4. Enfin, en vertu de l’article R. 312-1 du même code, la personne qui sollicite la délivrance d'un visa est tenue de produire une photographie d'identité et de se prêter au relevé de ses empreintes digitales aux fins d'enregistrement dans le traitement automatisé mentionné au 1° l'article L. 142-1. Aucune disposition législative ou réglementaire ni aucun principe ne fixe de délai déterminé dans lequel l’autorité consulaire serait tenue de recevoir l’étranger désireux d’obtenir un visa tel que celui mentionné au point précédent.

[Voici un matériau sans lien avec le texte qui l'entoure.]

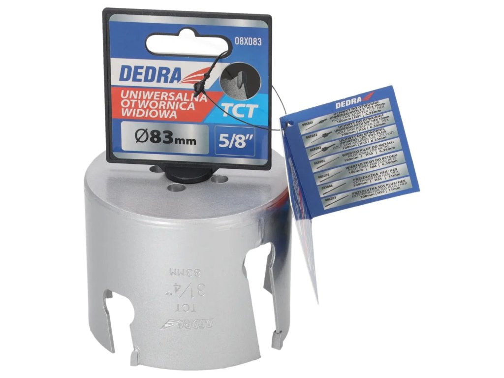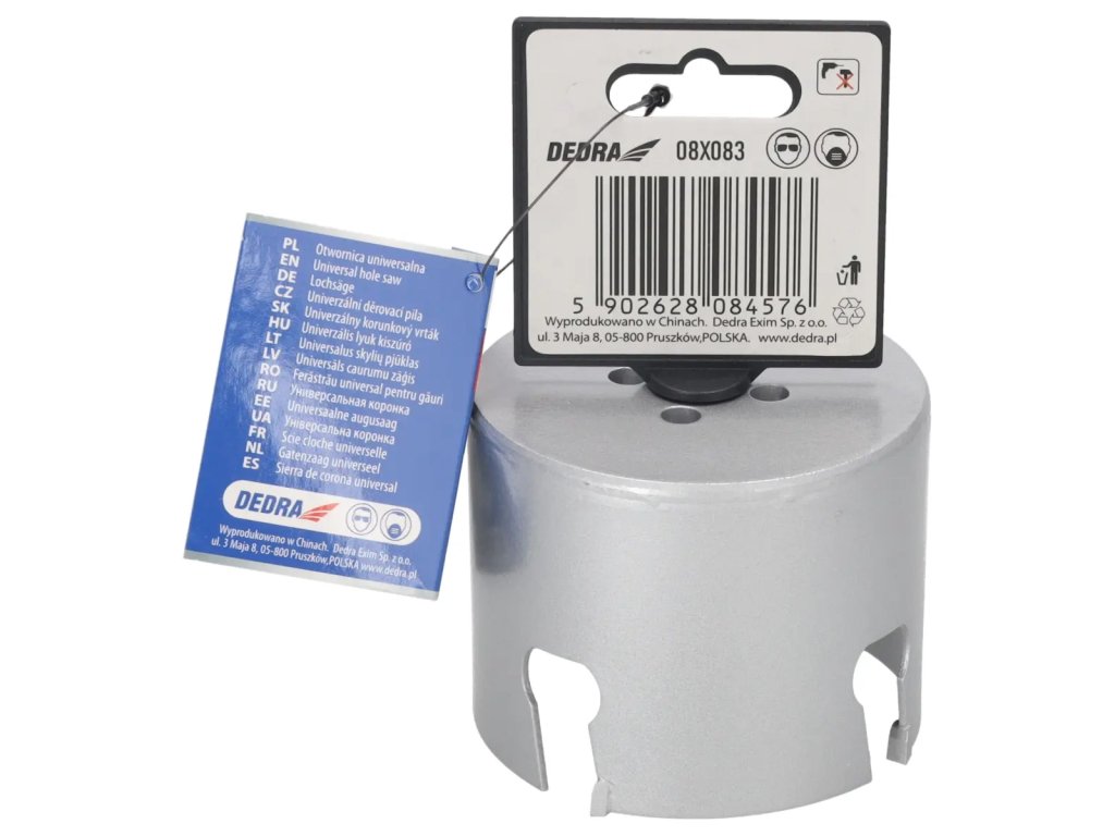 Skutočná veľkosť je uvedená v popiseproduktu.Univerzálna píla na diery je nepostrádateľným nástrojom v dielni pre domácich majstrov. Špeciálna konštrukciareznej hrany zvyšuje pevnosť píly a zlepšuje vedenie diery.Pomocou skľučovadiel HEX 10 mm 1 /2" 08X001 (odporúčané pre otvory: 08X019-08X030) a 5/8" skľučovadiel 08X002 (odporúčané pre otvory: 08X032-08X152) je možné používať píly na diery na vŕtačkách alebo vŕtačkách.Pomocou skľučovadla SDS+ 08X003 (odporúčanépre otvory: 08X 032 -08X152) je možné používať pílu na otvory DEDRA 08 X widespread s príklepovou vŕtačkou v režime bez príklepu.Na zlepšenie rezného účinku a zvýšenie pevnosti majú otvory niekoľko vidlicových vložiek, ktoré účinne obrábajú materiál.Univerzálne pilotné vrtáky DEDRA 08 X možno s použitím vhodného pilotného vrtáka použiť na prácu v dreve, kovoch, nábytkových doskách, PVC, minerálnych materiáloch, ako sú keramické obkladačky, pórobetón a silikáty.Na zvýšenie pevnosti otvorov je jadro vyrobené z vysokokvalitnejocele HCS č. 45 s hrúbkou 1,5 mm a zuby sú vyrobené z karbidu volfrámu so 6 % kobaltu (volfrámová oceľ YG 6X).Tým sa zlepšuje kvalita a trvanlivosť odrezkov a zvyšuje sa účinnosť vŕtania.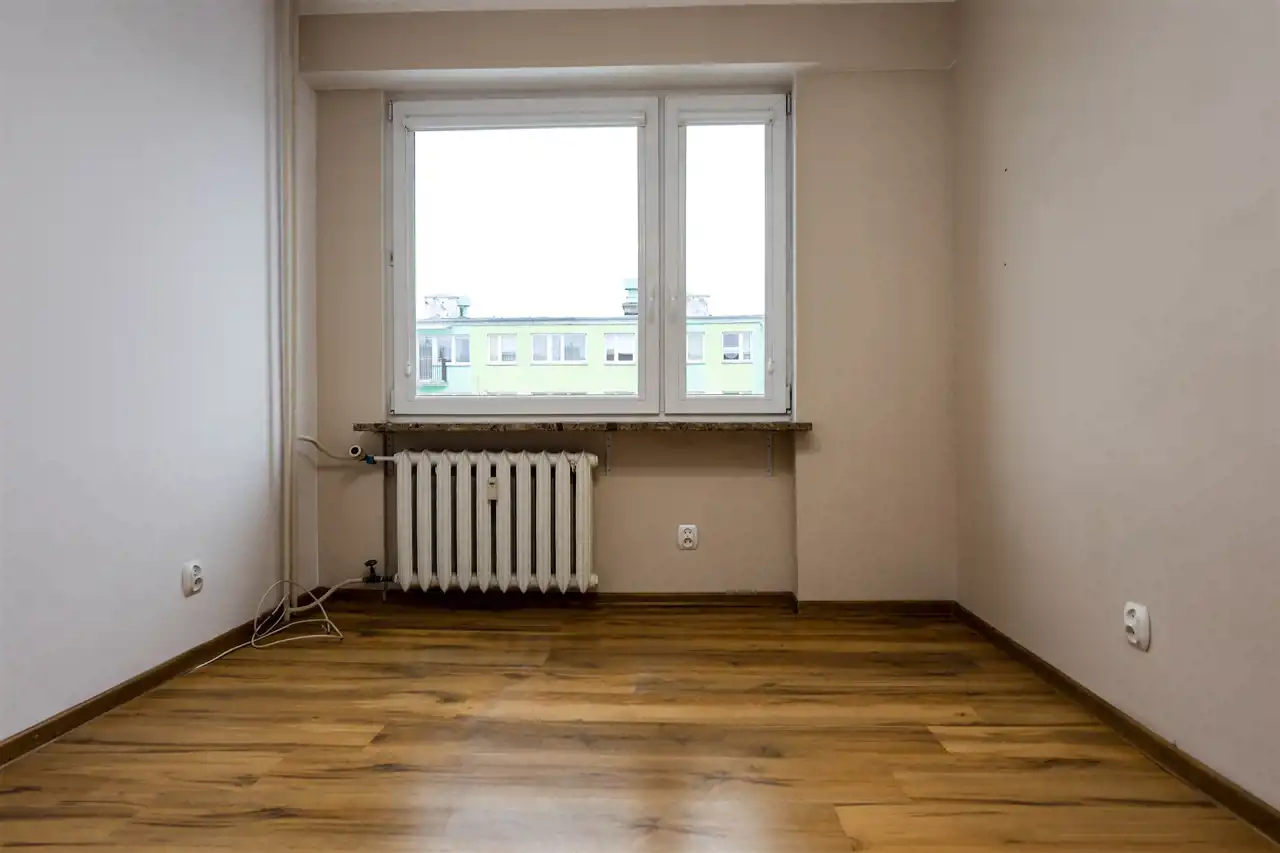 Na podłogach w sypialniach i korytarzu panele, natomiast w kuchni i łazience kafelki. Odmalowane, zadbane. W pokojach solidne, granitowe parapety.

5. Il ressort des pièces du dossier que Mme B..., ressortissante afghane née le 22 mars 1998, a adressé, par courriel du 5 janvier 2025, à l’autorité consulaire française à Téhéran, une demande de visa d’entrée et de long séjour en vue de demander en France la reconnaissance de la qualité de réfugié. Le caractère complet du dossier ainsi adressé a été confirmé par l’autorité consulaire par courriel du 9 avril 2025. La requérante a été initialement convoquée à un entretien permettant l’enregistrement définitif de son dossier prévu le 2 décembre 2025. Par un courriel du 15 septembre 2025, l’autorité consulaire l’a informée de l’annulation de cet entretien en raison de la situation en Iran ne permettant pas d’assurer le fonctionnement normal des services. Mme B... demande, dans le cadre de la présente instance, la suspension de l’exécution de la décision implicite de refus d’enregistrement de sa demande de visa, née du silence gardé par l’autorité consulaire pendant deux mois suivant le dépôt initial de celle-ci.

6. Toutefois, alors que, ainsi qu’il a été dit, il n’existe aucun droit à la délivrance d’un visa en vue de déposer une demande d’asile en France, les circonstances invoquées par la requérante au soutien de sa demande pour établir la condition d’urgence, telles qu’énoncées dans les visas dans la présente ordonnance ne sont pas suffisantes pour établir que la décision attaquée préjudicierait de manière grave et immédiate à ses intérêts. En effet, l’intéressée, âgée de 27 ans, qui vit avec sa sœur Homaira, et dont une précédente demande de visa au titre de la réunification familiale a été rejetée, ne fait état d’aucun élément précis et circonstancié permettant d’étayer l’existence d’un risque sérieux et à brève échéance de renvoi vers son pays d’origine. Elle ne démontre pas davantage, par les pièces produites, qu’elle se trouverait actuellement dans une situation de particulière vulnérabilité. En outre, et en tout état de cause, le délai écoulé depuis le dépôt complet de sa demande de visa auprès de l’autorité consulaire n’apparaît pas particulièrement déraisonnable. Dans ces conditions, nonobstant la durée de séparation avec le reste de sa famille ayant rejoint son père, reconnu réfugié en France, et dont la décision attaquée n’est assurément pas la cause, la condition d’urgence exigée par les dispositions de l’article L. 521-1 du code de justice administrative ne peut être regardée comme satisfaite. Il y a lieu, par suite, de rejeter la requête en toutes ses conclusions, selon la procédure prévue par l’article L. 522-3 du code de justice administrative.


O R D O N N E :


Article 1er : La requête de Mme B... est rejetée.

Article 2 : La présente ordonnance sera notifiée à Mme A... B....

Copie sera adressée au ministre de l'intérieur.

Fait à Nantes, le 17 novembre 2025.

Le juge des référés,





J. DANET

La République mande et ordonne au ministre de l'intérieur en ce qui le concerne ou à tous commissaires de justice à ce requis en ce qui concerne les voies de droit commun contre les parties privées, de pourvoir à l’exécution de la présente décision.